Funny you mention St. Paul to Minot, Pensyfan, I was thinking about that comparison.
Amtrak’s Empire Builder makes seven stops between MSP and MOT: St. Cloud (SCD), Staples (SPL), Detroit Lakes (DLK), Fargo (FAR), Grand Forks (GFK), Devils Lake, and Rugby. It takes 10 hours 9 minutes, but it’s overnight both ways so you can hopefully sleep through the trip. By car, it’s 7 hours 46 minutes nonstop - figure something more like 9 hours with a couple half-hour stops and a quick gas break, but you’d have some fatigue at the end.
For a local, you’d have to add a lot of stops. Every little burg would want one, especially if they had an existing depot. I’m also assuming you mean this to be a way-freight or at least have a lot of less-than-carload freight. So, let’s say that instead of just those seven, we have these twenty-seven:
St. Paul Union Depot
Minneapolis U of M (behind TCF Stadium)
Fridley (Northstar Commuter Rail)
Anoka (Northstar)
Elk River (Northstar)
Big Lake (Northstar)
Becker
Clear Lake
St. Cloud
Rice
Little Falls
Staples
Wadena
Pelham/New York Mills
Detroit Lakes
Hawley/Glyndon
Moorhead
Fargo
Hillsboro
Grand Forks
Emerado/Grand Forks AFB
Larimore
Michigan/Lakota
Devils Lake
Leeds
Rugby
Towner
Granville
Minot
Let’s say two-thirds of them also have a forklift handy for LCL palletized freight, and that on any one trip about 1/3 of the enroute stations are either shipping or receiving at least one pallet. From firsthand experience, if you are ready with the forklift when a truck comes and the pallet is ready, it only takes seconds to pick and pull it. But, figure it takes more like ten minutes to go get the forklift warmed up (probably more in North Dakota in January), unstrap the necessary pallet, shuffle around the other pallets with a pallet jack, pull the pallet off the truck (or baggage car) and fill out the receiving paperwork while the conductor straps down the pallet you just loaded for shipment. Maybe closer to five for an experienced forklift jockey, maybe more like twenty if the lift gets stuck on ice or they need to pull more pallets than expected.
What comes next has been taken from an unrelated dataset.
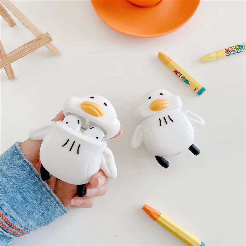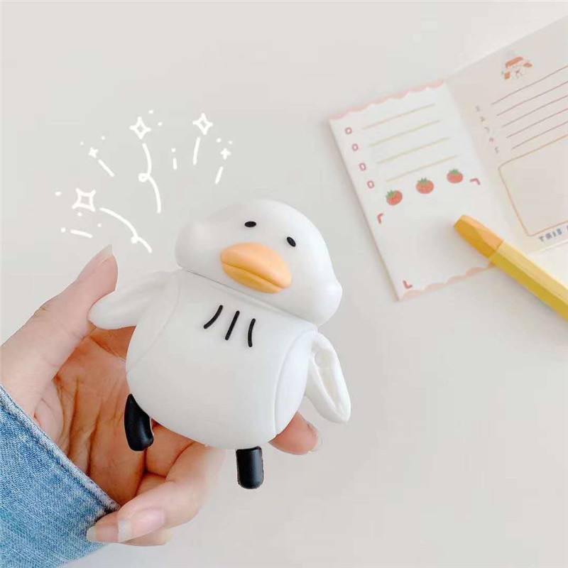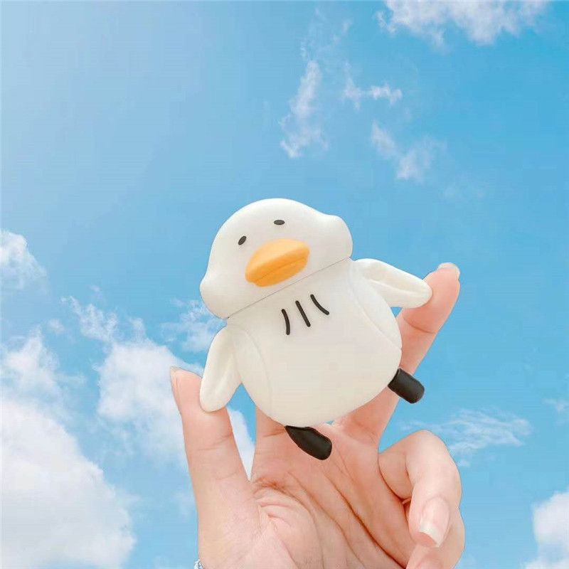 Cute soft protective cover for Airpods 1/2 and Airpods Pro cases (Airpod charger case not included!) with strap loop, shaped like a little white chubby duckling!

You’re also assuming you have at least a truck, shed, or trailer where you can stash the received pallet, because otherwise you’re stuck outside with a shipment of congealed paint at -40° until your truck comes.
Long story short, figure that 10 hour train ride to be at least 13 with a minimal 1 minute stop at each station, but far more if there’s freight at each one.